Led by Naomi Cermak, Ph.D., of the Maastricht University Medical Centre in the Netherlands, a team of researchers looked at studies on protein supplementation during weeks-long resistance-training programs. Their interest was to see if regular supplementation has the same benefit over time that one-time pre- or post-workout supplementation has been found to confer, namely, greater muscle resynthesis after exercise. Better post-workout resynthesis indicates more of a muscle-building effect from resistance training.

Cermak looked at 22 studies involving a total of 680 subjects. The studies they looked at lasted an average of 12 weeks, with an average of three resistance-training sessions per week. The subjects included young (age 23 or younger) and older (age 50 or older) subjects, and people new to resistance training as well as athletes who regularly did resistance training.

The results overwhelmingly supported protein supplementation. Young subjects had about an extra kilogram increase in fat-free mass over control groups who did the same resistance training but consumed a placebo rather than protein supplement. This was true even though all of the subjects ate more than enough protein in their regular diets to meet basic bodily needs.

The results were perhaps even more striking in older subjects – an average 38 per cent greater increase in fat-free mass and 33 per cent greater increase in one-rep leg-press strength for those in the protein groups compared to the control groups. As Cermak points out, increases in fat-free mass and muscular strength are especially meaningful at ages when people tend to lose muscle mass and, therefore, functional capacity. For older distance runners, maintaining muscle mass is a key part of preserving stride length.
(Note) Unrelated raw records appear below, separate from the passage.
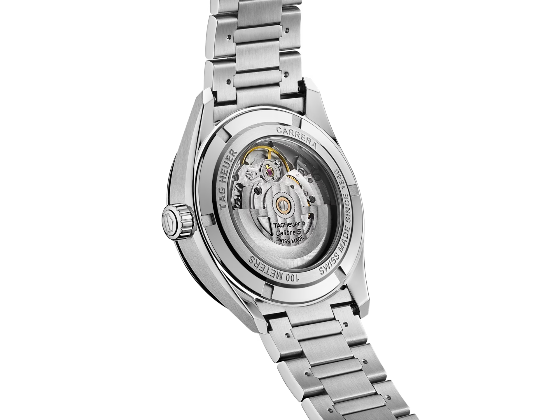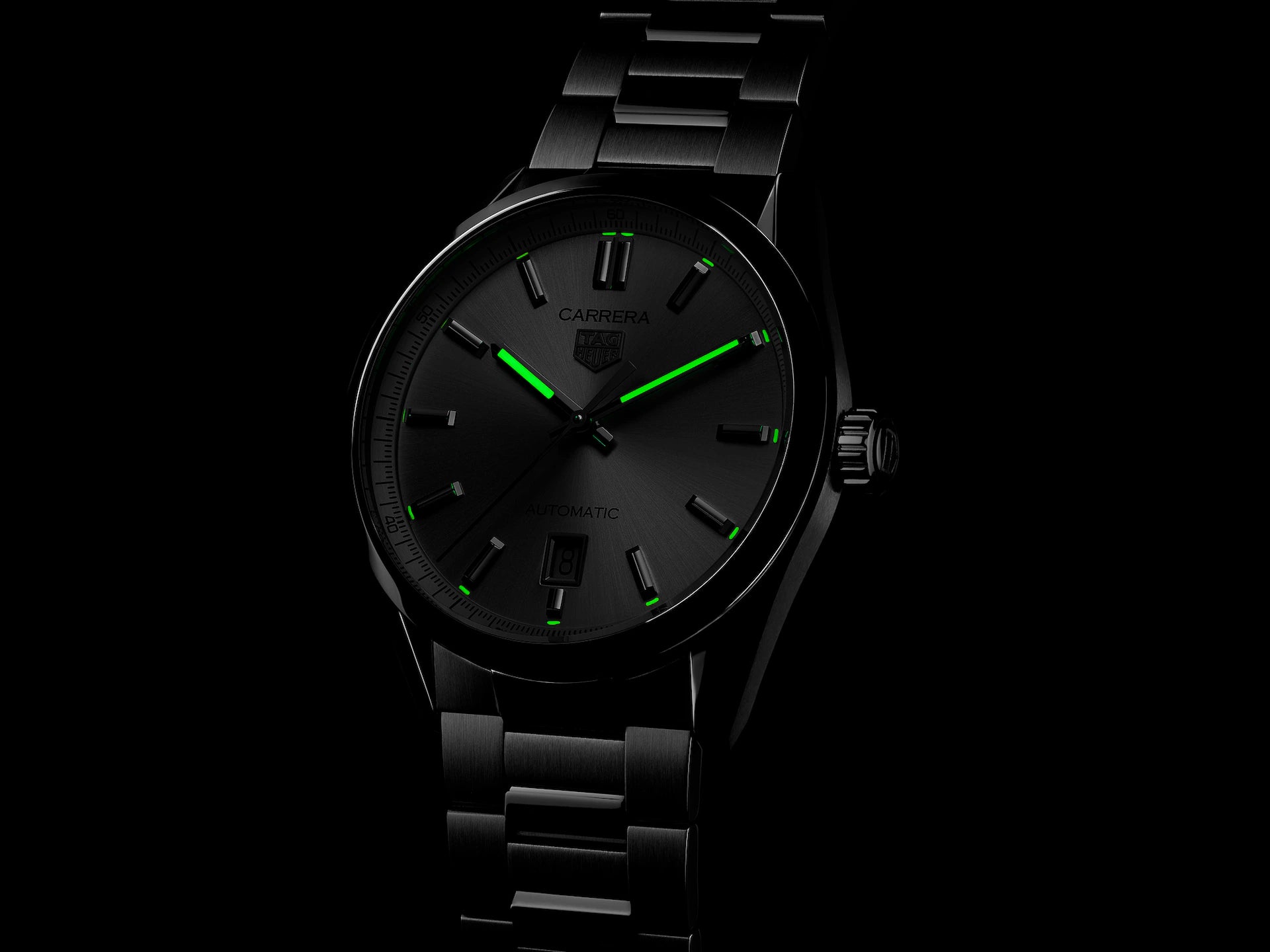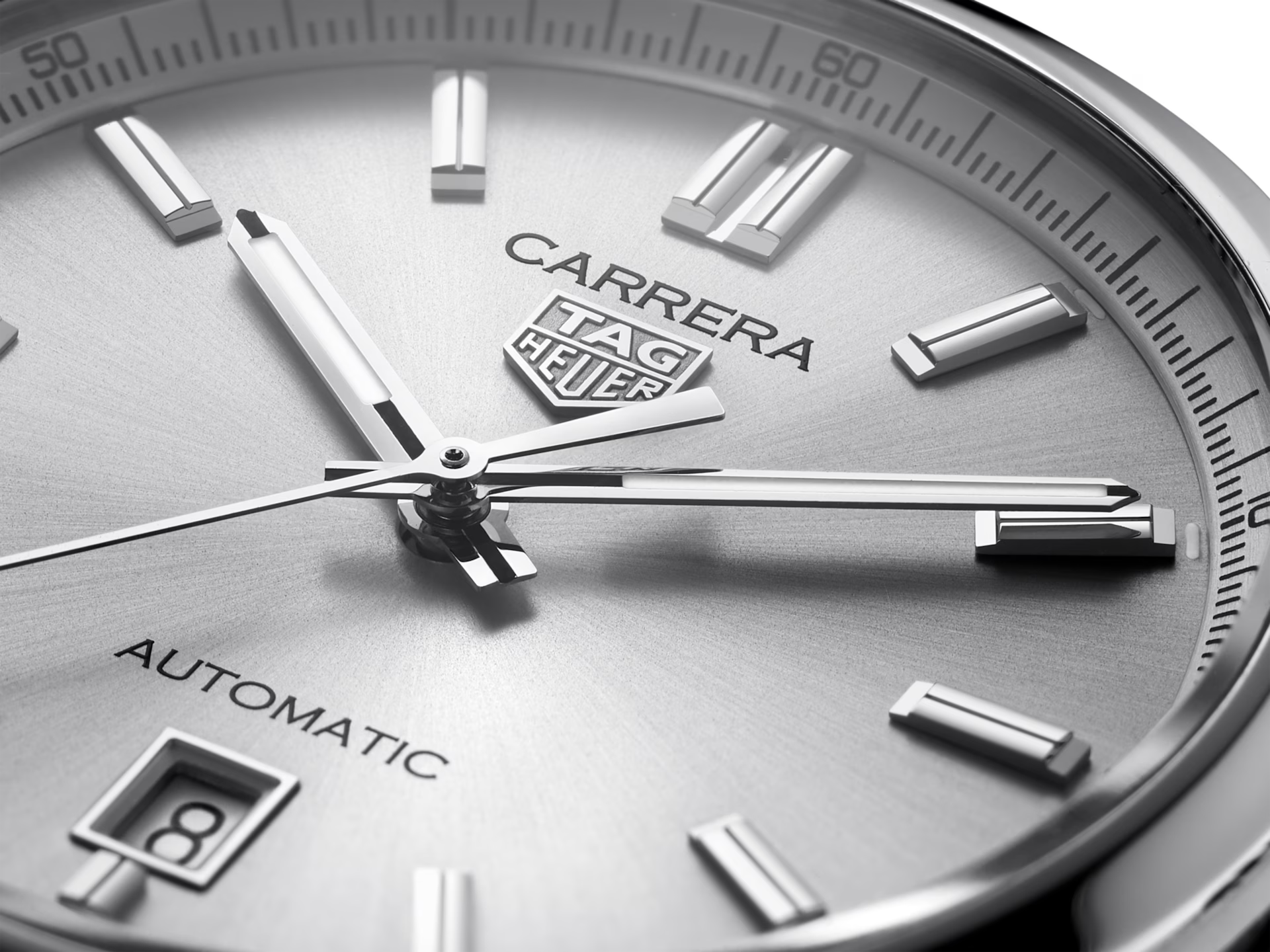 This TAG Heuer Carrera is ready for anything. Its brushed silver sunray dial is a statement of luxury, beautifully highlighted by the functional and elegant rhodium-plated TAG Heuer logo and Super-Luminova hands and indexes.
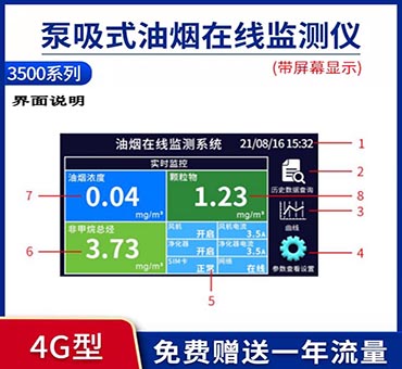 泵吸式油煙在線監(jiān)測儀SN-3500-LB能夠?qū)Σ蛷N排煙管道的油煙濃度、顆粒物濃度、非甲烷總烴(NMHC)濃度進(jìn)行24小時(shí)不間斷測量,并上傳我司免費(fèi)的監(jiān)控平臺(tái)或政府監(jiān)控平臺(tái)。
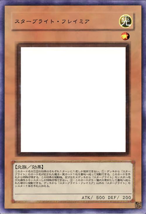 | このカード名の①②の効果はそれぞれ1ターンに1度しか使用できない。①:デッキから「スターブライト」のカード名が記された魔法・罠カード1枚を墓地へ送って発動できる。このカードを手札から特殊召喚する。この効果の発動後、自分はEXデッキから「スターブライト」モンスター及び光属性Sモンスターしか特殊召喚できない。②:このカードがS・儀式の素材として墓地へ送られた場合に発動できる。デッキから「スターブライト・フレイミア」以外の「スターブライト」モンスター1体を手札に加える。 | |||
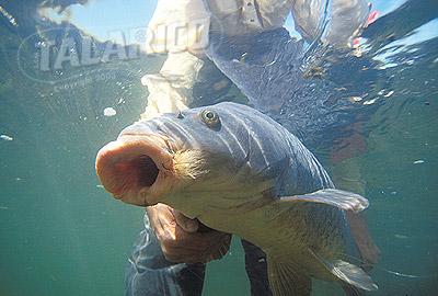 Underwater shot of flyfisherman with a large Carp caught on fly, Susquehqnnq River, Pennsylvania.
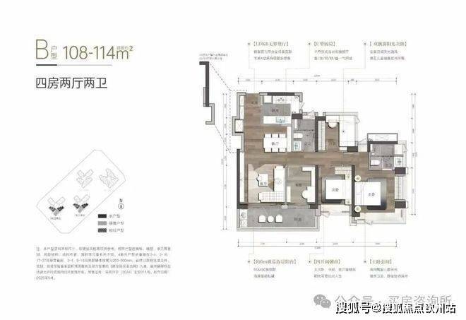 户型设计方面,梯户比为1-2,1-3单元31层高,1-4单元37层高2梯5户、1栋1单元31层高2梯6户,户型设计有95-108-109-138㎡得房率在92-98%左右

Cermak told Runner’s World that her findings are pertinent to runners who include regular resistance training to supplement their primary activity of running. The average amount of protein consumed on training days in the studies Cermak analysed was 42 grams, or about 710 kilojoules of protein; this included protein eaten during normal meals. Cermak recommends chocolate milk as an easy-to-consume, real-world protein supplement. A cup of low-fat chocolate milk contains about 795 kilojoules and contains 8 grams of protein.